Nevil was gone a year, and during this time the correspondence between Mrs. Faulkner and Mrs. March, fevered to an abnormal activity by recent events, fell back into the state of correspondence in health, which tends to an exchange of apologies for not having written. Mrs. Faulkner’s letters contained some report of Nevil’s movements; and we had got so used to his being abroad that it seemed very sudden, when one came saying that he had got home, perfectly well, and had gone at once to work in his parish, with all his old energy. She sent some newspapers with marked notices of him; and then it seemed to me that we heard nothing more from her till the next spring, when a most joyful letter burst upon us, as it were, with the announcement of her engagement to Nevil.
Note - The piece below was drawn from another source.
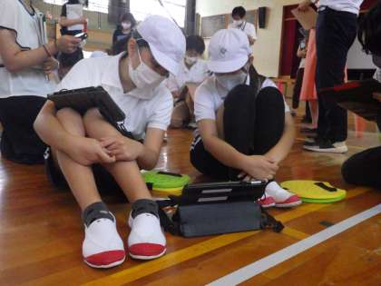 9月13日月曜日に6年3組で体育の研究授業がありました。夏休み前から取り組んできたテニピンの試合をタブレットで撮影し、さらに上達するためにどうすれば良いのかチームで相談しながら考えることができました。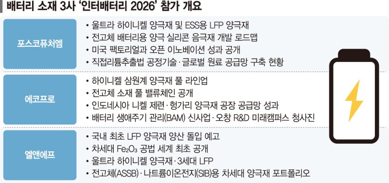 포스코퓨처엠과 에코프로, 엘앤에프 등 국내 배터리 소재 3사가 오는 11일부터 13일까지 서울 강남구 코엑스에서 열리는 '인터배터리 2026'에서 차세대 소재 기술을 일제히 선보인다. 전기차(EV)와 에너지저장장치(ESS)는 물론 휴머노이드 로봇과 인공지능(AI) 데이터센터에 이르기까지 확장된 응용처를 겨냥한 기술 포트폴리오를 소개한다는 계획이다. 특히 세 기업 모두 전고체 배터리 소재와 리튬·인산·철(LFP)·울트라 하이니켈 양극재를 핵심 먹거리로 내세우며 기술 경쟁에 불을 지폈다.

I cannot say exactly what it was about this fact that shocked us both. The affair, superficially, was in every way right and proper. We were sure that, as Hermia reported, Faulkner’s mother was as happy in it as herself, and that it was the just and lawful recompense of suffering that Hermia and Nevil had jointly and severally undergone for no wrong or fault of theirs; we ought to have been glad for them; and yet, somehow, we could not; somehow we were not reconciled to that comfortable close for the most painful passage of life we had ever witnessed. Instead of being the end of trouble, it seemed like the beginning. It brought up again with dreadful vividness all the experiences of that day when Faulkner died. It was as if he rose from the dead, and walked the earth again in the agony of body we had seen, and the anguish of mind we had imagined. Once more I saw him, with a face full of hate, push her from him, and fall back and gasp and die.
Hermia’s letter came in the morning; and during the forenoon I received a telegram at my office from her asking if Dr. Wingate were in Boston. I sent out and found that the doctor was at home, and answered accordingly. Then I sent the telegram to my wife, and I hurried away from the office rather early in the afternoon, to learn what she made of it.